(Dataset excerpt begins)
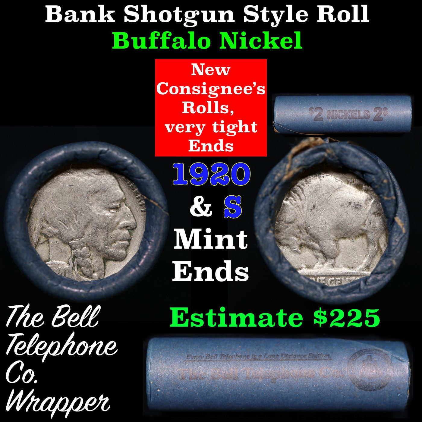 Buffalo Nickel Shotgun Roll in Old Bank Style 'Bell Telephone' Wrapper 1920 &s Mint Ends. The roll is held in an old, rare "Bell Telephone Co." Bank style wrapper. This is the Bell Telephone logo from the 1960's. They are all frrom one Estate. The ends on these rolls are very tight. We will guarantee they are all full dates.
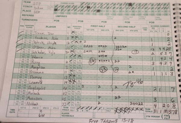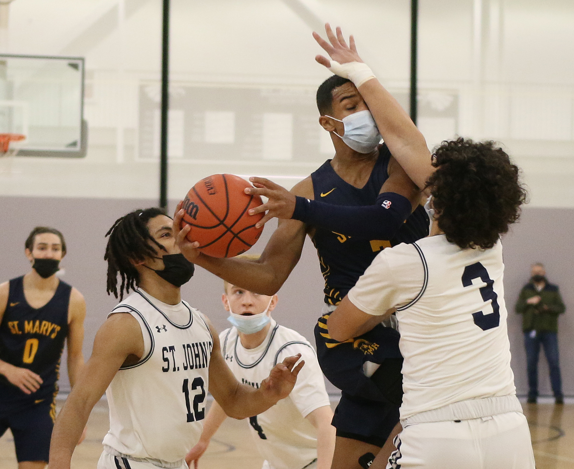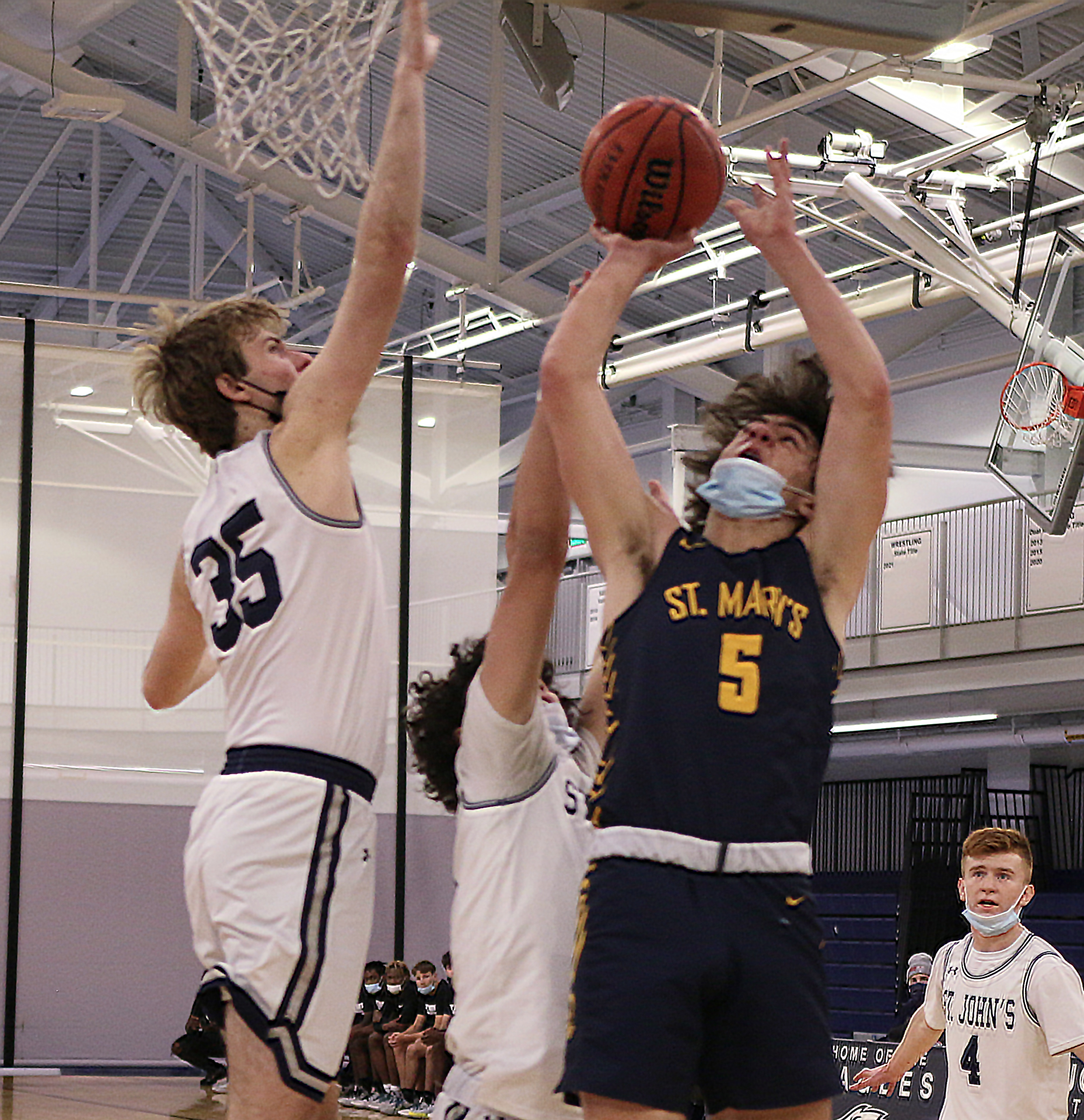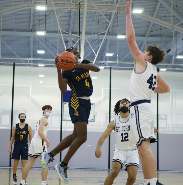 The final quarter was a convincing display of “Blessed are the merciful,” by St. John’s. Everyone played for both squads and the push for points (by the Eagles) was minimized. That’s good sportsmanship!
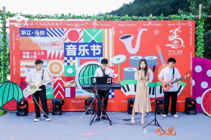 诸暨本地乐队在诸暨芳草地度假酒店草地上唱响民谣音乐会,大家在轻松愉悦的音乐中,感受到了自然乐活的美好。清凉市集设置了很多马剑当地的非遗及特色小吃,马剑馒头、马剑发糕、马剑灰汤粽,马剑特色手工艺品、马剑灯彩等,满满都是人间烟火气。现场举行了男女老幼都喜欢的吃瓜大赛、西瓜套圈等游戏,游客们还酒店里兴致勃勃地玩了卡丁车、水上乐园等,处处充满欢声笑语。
(Dataset excerpt ends)
→ **Exercise**: In your output, repeat the listing above exactly and include none of the pictures.

→ **Answer to the problem**:
 Buffalo Nickel Shotgun Roll in Old Bank Style 'Bell Telephone' Wrapper 1920 &s Mint Ends. The roll is held in an old, rare "Bell Telephone Co." Bank style wrapper. This is the Bell Telephone logo from the 1960's. They are all frrom one Estate. The ends on these rolls are very tight. We will guarantee they are all full dates.
 The final quarter was a convincing display of “Blessed are the merciful,” by St. John’s. Everyone played for both squads and the push for points (by the Eagles) was minimized. That’s good sportsmanship!
 诸暨本地乐队在诸暨芳草地度假酒店草地上唱响民谣音乐会,大家在轻松愉悦的音乐中,感受到了自然乐活的美好。清凉市集设置了很多马剑当地的非遗及特色小吃,马剑馒头、马剑发糕、马剑灰汤粽,马剑特色手工艺品、马剑灯彩等,满满都是人间烟火气。现场举行了男女老幼都喜欢的吃瓜大赛、西瓜套圈等游戏,游客们还酒店里兴致勃勃地玩了卡丁车、水上乐园等,处处充满欢声笑语。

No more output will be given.